BMC Bioinformatics (Mar 2006)

Application of a sensitive collection heuristic for very large protein families: Evolutionary relationship between adipose triglyceride lipase (ATGL) and classic mammalian lipases

  • Berezovsky Igor,
  • Tian Sun,
  • Wildpaner Michael,
  • Neuberger Georg,
  • Schneider Georg,
  • Eisenhaber Frank

DOI
https://doi.org/10.1186/1471-2105-7-164
Journal volume & issue
Vol. 7, no. 1
p. 164

Abstract

Read online

Abstract Background Manually finding subtle yet statistically significant links to distantly related homologues becomes practically impossible for very populated protein families due to the sheer number of similarity searches to be invoked and analyzed. The unclear evolutionary relationship between classical mammalian lipases and the recently discovered human adipose triglyceride lipase (ATGL; a patatin family member) is an exemplary case for such a problem. Results We describe an unsupervised, sensitive sequence segment collection heuristic suitable for assembling very large protein families. It is based on fan-like expanding, iterative database searches. To prevent inclusion of unrelated hits, additional criteria are introduced: minimal alignment length and overlap with starting sequence segments, finding starting sequences in reciprocal searches, automated filtering for compositional bias and repetitive patterns.
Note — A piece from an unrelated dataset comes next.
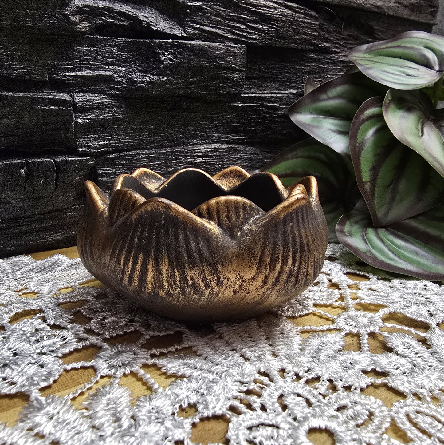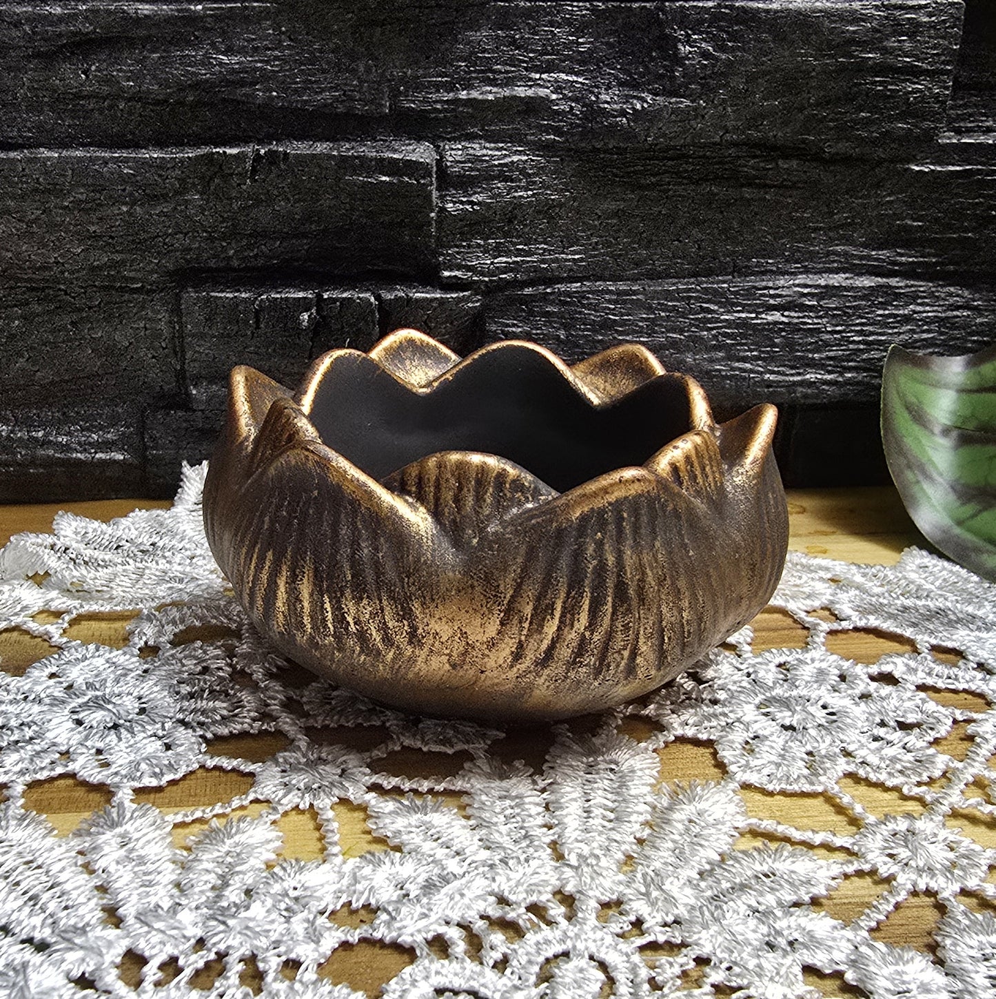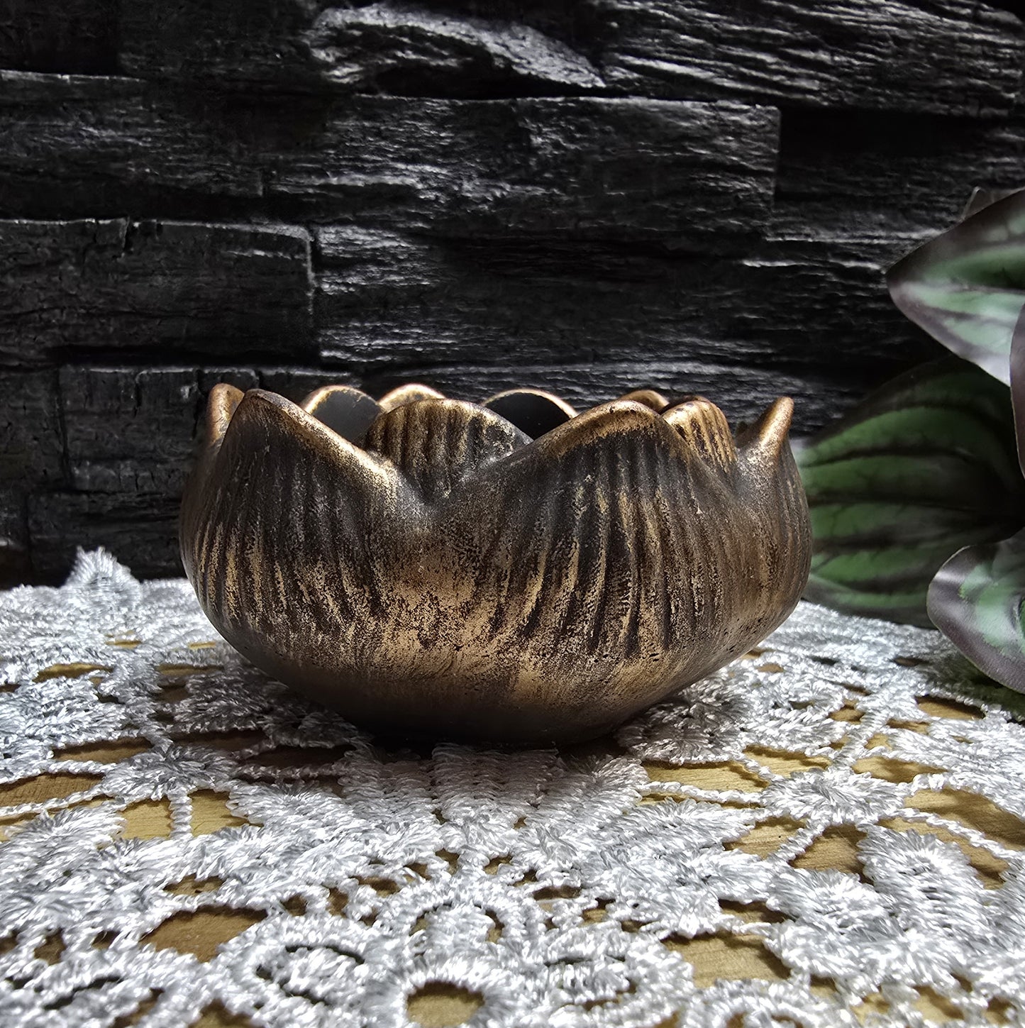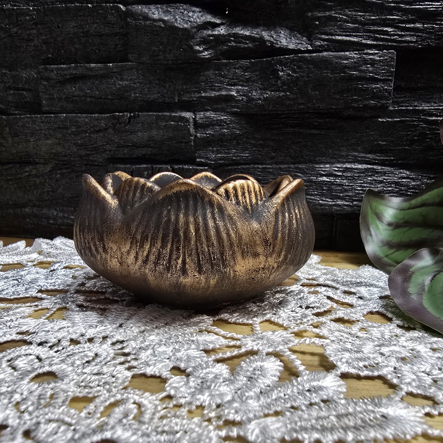 Teelichthalter Lotusblüte aus schwarzem Keraquick, mit einem Finish aus warmem Gold

This heuristic was implemented as FAMILYSEARCHER in the ANNIE sequence analysis environment and applied to search for protein links between the classical lipase family and the patatin-like group. Conclusion The FAMILYSEARCHER is an efficient tool for tracing distant evolutionary relationships involving large protein families. Although classical lipases and ATGL have no obvious sequence similarity and differ with regard to fold and catalytic mechanism, homology links detected with FAMILYSEARCHER show that they are evolutionarily related. The conserved sequence parts can be narrowed down to an ancestral core module consisting of three β-strands, one α-helix and a turn containing the typical nucleophilic serine. Moreover, this ancestral module also appears in numerous enzymes with various substrate specificities, but that critically rely on nucleophilic attack mechanisms.